[Records contained in a dataset]
*****
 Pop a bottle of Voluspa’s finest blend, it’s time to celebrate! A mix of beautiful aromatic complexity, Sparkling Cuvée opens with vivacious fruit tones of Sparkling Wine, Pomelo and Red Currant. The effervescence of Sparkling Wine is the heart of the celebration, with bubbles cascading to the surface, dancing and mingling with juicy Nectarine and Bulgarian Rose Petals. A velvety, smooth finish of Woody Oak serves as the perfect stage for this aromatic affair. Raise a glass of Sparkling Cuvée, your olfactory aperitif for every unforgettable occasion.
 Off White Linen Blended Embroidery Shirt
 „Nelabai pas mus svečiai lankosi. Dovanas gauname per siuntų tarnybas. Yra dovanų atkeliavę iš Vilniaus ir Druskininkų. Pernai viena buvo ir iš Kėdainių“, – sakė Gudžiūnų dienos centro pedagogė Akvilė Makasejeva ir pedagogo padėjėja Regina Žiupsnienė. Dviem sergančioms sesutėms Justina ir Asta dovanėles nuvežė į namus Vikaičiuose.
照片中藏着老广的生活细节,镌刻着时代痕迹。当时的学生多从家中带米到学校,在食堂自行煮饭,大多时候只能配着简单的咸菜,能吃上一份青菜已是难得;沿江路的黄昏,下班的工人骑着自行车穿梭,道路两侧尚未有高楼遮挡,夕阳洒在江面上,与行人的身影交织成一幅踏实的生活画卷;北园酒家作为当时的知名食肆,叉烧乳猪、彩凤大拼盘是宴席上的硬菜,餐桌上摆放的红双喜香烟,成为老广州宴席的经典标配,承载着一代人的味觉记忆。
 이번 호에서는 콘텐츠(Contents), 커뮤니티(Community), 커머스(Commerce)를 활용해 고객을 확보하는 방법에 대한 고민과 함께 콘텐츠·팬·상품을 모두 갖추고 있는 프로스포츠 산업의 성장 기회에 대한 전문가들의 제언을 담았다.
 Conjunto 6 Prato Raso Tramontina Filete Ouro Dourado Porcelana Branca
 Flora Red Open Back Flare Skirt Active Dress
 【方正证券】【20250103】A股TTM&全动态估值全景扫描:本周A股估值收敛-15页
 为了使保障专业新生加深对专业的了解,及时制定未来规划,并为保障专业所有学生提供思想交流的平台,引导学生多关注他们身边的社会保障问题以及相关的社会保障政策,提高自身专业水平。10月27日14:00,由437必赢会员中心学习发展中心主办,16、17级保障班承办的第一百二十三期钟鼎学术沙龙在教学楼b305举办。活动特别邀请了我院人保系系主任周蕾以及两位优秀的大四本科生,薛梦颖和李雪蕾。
*****
Quote only the stretch of lines that starts the data above and ends with the line containing "Off White Linen Blended Embroidery Shirt", both included.

— TASK ANSWER —
 Pop a bottle of Voluspa’s finest blend, it’s time to celebrate! A mix of beautiful aromatic complexity, Sparkling Cuvée opens with vivacious fruit tones of Sparkling Wine, Pomelo and Red Currant. The effervescence of Sparkling Wine is the heart of the celebration, with bubbles cascading to the surface, dancing and mingling with juicy Nectarine and Bulgarian Rose Petals. A velvety, smooth finish of Woody Oak serves as the perfect stage for this aromatic affair. Raise a glass of Sparkling Cuvée, your olfactory aperitif for every unforgettable occasion.
 Off White Linen Blended Embroidery Shirt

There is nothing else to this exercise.